1. Switch to using the Carbon API, and create a "carbonized" application that works on both Mac OS 9 and Mac OS X (same executable for both platforms, basically a special executable format and some restrictions on how you used various APIs)
2. Once you don't care about Mac OS 9 support, migrate to Project Builder (or at least GCC)
3. Eventually, migrate to Cocoa
The path was set up so that you could stop at any point along the way and keep shipping your application. In my personal experience, steps #1 and #3 could be difficult and labor-intensive, but step #2 was usually easy.
My understanding is that Quark got stuck and took too long to complete step #1, long enough that their customers didn't want to keep Mac OS 9 around just so they could use QuarkXPress and switched to InDesign.
Step #2 mostly involved fixing the parts of your code which used weird, non-standard C extensions that GCC did not support. Things like:
(long)*ptr = x;
Adobe got stuck on #3, which is understandable because it's an enormous amount of work with a relatively low payoff. The main drawback of not completing step #3 is that you're stuck with a 32-bit application until you complete it.That's hard to side with, when preemptive multitasking and protected memory wasn't a thing in Classic Mac OS. Those were some big sticking points when trying to Get Shit Done on a Mac, especially in the late nineties.
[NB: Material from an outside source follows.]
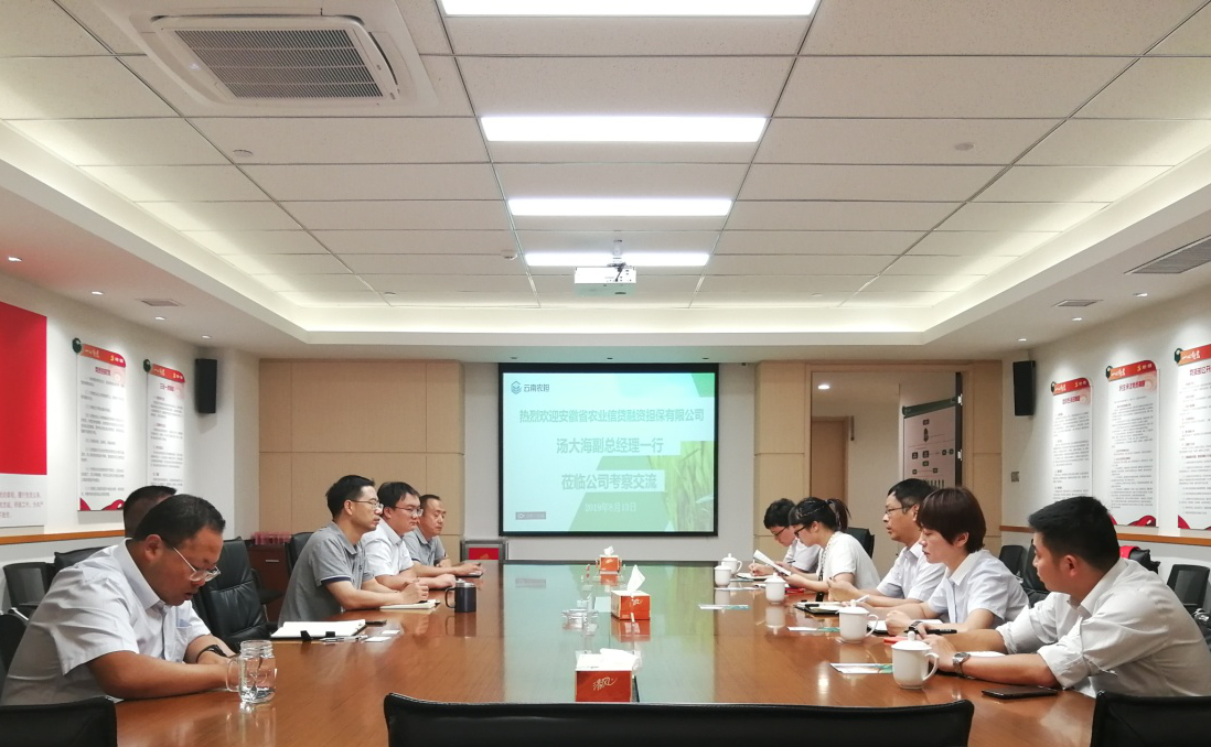 7月23日-7月25日,安徽省農(nóng)業(yè)信貸融資擔(dān)保有限公司(以下簡(jiǎn)稱安徽農(nóng)擔(dān))副總經(jīng)理湯大海率隊(duì)赴云南省農(nóng)擔(dān)公司調(diào)研交流。公司董事長(zhǎng)郭影、副總經(jīng)理廖寅皓率風(fēng)控部、戰(zhàn)略部與安徽農(nóng)擔(dān)公司進(jìn)行了座談交流。

I agree Cocoa was amazing tech, but I don't see the sluggish migration from Carbon being because people didn't buy into it. I think it's more that Carbon worked, and there's just other things to put the expensive engineer's time to good us on.
My experience with the Mac developer community at the time was that someone new would come to the mailing lists and ask whether they should use Cocoa or Carbon for developing. These are people who don't have any legacy code and don't have a bunch of skills they've built up, working on greenfield projects.
A common response was along the lines of, "Carbon is a Serious API for developing Serious Applications, and Cocoa is a kids tool for making toys."
It took a long time for Mac developers to really buy into Cocoa, many of them saw it as a less-capable version of existing APIs rather than the future of Mac development. That viewpoint wasn’t entirely without reason, at first, but the longer you spent with Cocoa, the more clear it became that Carbon was a second-class citizen.
My other thought is that Apple didn’t just want tech, but the experience to develop it. That’s why acquisitions were at the top of the list. Apple has certainly bought a few other companies just to access their engineering talent.